Task inputs ▸

↓

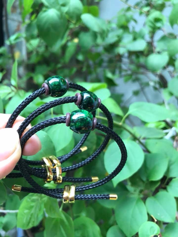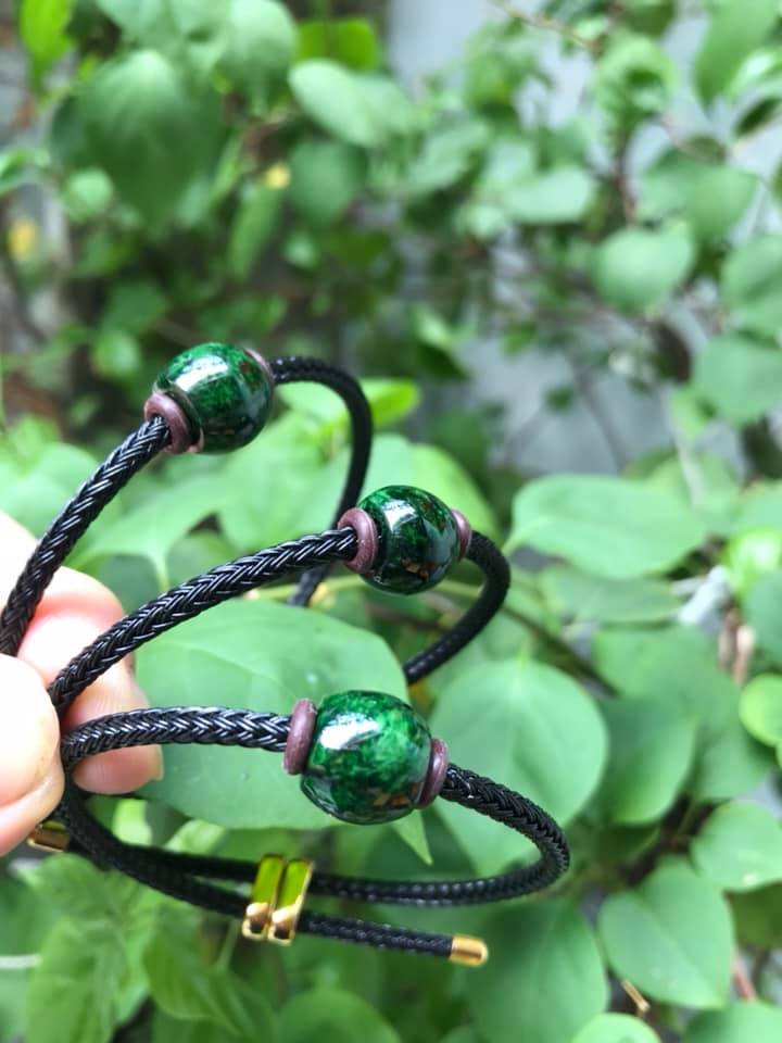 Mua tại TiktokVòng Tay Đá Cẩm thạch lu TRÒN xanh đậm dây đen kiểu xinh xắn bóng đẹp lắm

↑
↓

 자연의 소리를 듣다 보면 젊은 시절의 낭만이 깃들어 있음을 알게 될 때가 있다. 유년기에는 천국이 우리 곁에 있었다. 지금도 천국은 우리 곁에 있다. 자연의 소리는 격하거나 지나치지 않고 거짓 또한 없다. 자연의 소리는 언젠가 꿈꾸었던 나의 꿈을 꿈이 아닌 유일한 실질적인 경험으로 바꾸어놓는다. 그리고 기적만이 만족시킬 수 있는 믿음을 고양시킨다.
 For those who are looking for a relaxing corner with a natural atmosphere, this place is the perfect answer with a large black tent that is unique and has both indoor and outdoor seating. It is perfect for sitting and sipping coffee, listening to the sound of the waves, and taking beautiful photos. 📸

↑

Task goal ▸ An exact copy of the lines above, from the one containing "자연의 소리를 듣다 보면" through the one containing "For those who", is the whole of the answer.

Task result ▸
 자연의 소리를 듣다 보면 젊은 시절의 낭만이 깃들어 있음을 알게 될 때가 있다. 유년기에는 천국이 우리 곁에 있었다. 지금도 천국은 우리 곁에 있다. 자연의 소리는 격하거나 지나치지 않고 거짓 또한 없다. 자연의 소리는 언젠가 꿈꾸었던 나의 꿈을 꿈이 아닌 유일한 실질적인 경험으로 바꾸어놓는다. 그리고 기적만이 만족시킬 수 있는 믿음을 고양시킨다.
 For those who are looking for a relaxing corner with a natural atmosphere, this place is the perfect answer with a large black tent that is unique and has both indoor and outdoor seating. It is perfect for sitting and sipping coffee, listening to the sound of the waves, and taking beautiful photos. 📸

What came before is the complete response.